You don’t ignore your emotions because you’re unhealthy.

You ignore them because dinner still needs to be made.

Then something shifts.

Children grow up.

Parents grow older.

The future starts feeling less endless than it once did.

And somewhere in the middle of all that, feelings that have been patiently waiting in the background begin stepping forward.

Not dramatically.

Not all at once.

Just enough to be noticed.

I’ve heard women describe this in dozens of different ways.

Some say they cry more.

Some say they’re more easily hurt.

Others say they feel softer than they used to.

The word that comes up most often, though, is sensitive.

Usually followed by an apology.

As if sensitivity were evidence of failure.

As if being moved by things is somehow less admirable than being unaffected by them.

Yet the women saying this are often the strongest people I know.

They’re the women everyone else relies on.

The women who show up.

The women who keep going.

The women who have spent decades carrying far more than anyone realizes.

It seems strange to call them fragile simply because they now tear up during a television commercial.

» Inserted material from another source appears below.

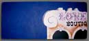 Stenciled acrylic paintings on wooden boards.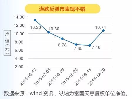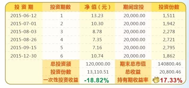 2015年6月至2015年12月底,富国天惠净值走势为连跌反弹,同样的,6期等额定投后,持有期收益率为17.33%,而一次性投资收益为-18.82%。定投收益略次于震荡走势定投,但表现依旧不错。因为连跌的时候能购买到更多份额,一旦反弹收益明显。

Of course hormones play a role. Sleep plays a role too, and anyone who has stared at the ceiling at three in the morning knows exactly how much harder life feels when you’re exhausted.

But I don’t think biology tells the whole story.

I think some of what we’re experiencing is awareness.

The awareness that time is moving.

The awareness that people we love are aging.

The awareness that certain chapters are ending whether we’re ready or not.

The awareness that our own needs deserve a place at the table after years of sitting quietly in the corner.

None of that is easy.

But neither is it a sign that we’re falling apart.

If anything, it may be a sign that we’re paying attention.

Noticing.

Feeling.

Allowing ourselves to experience things we once rushed past on the way to the next obligation.

Which brings me back to the coffee mug.

The truth is, I wasn’t crying about the mug.

I was tired.

I was overwhelmed.

I was carrying things I hadn’t fully acknowledged.

The missing mug simply happened to be where the feelings finally caught up with me.

And I suspect that’s true for a lot of us.

The tears aren’t always about the thing that triggered them.

They’re often about everything that came before it.

Once I understood that, I stopped worrying quite so much about why I was suddenly emotional.

I stopped treating every tear like a problem that needed solving.

And I started seeing it for what it often was:

A reminder that I’m human.

A little more aware than I used to be.

And perhaps, in its own unexpected way, a little more honest too.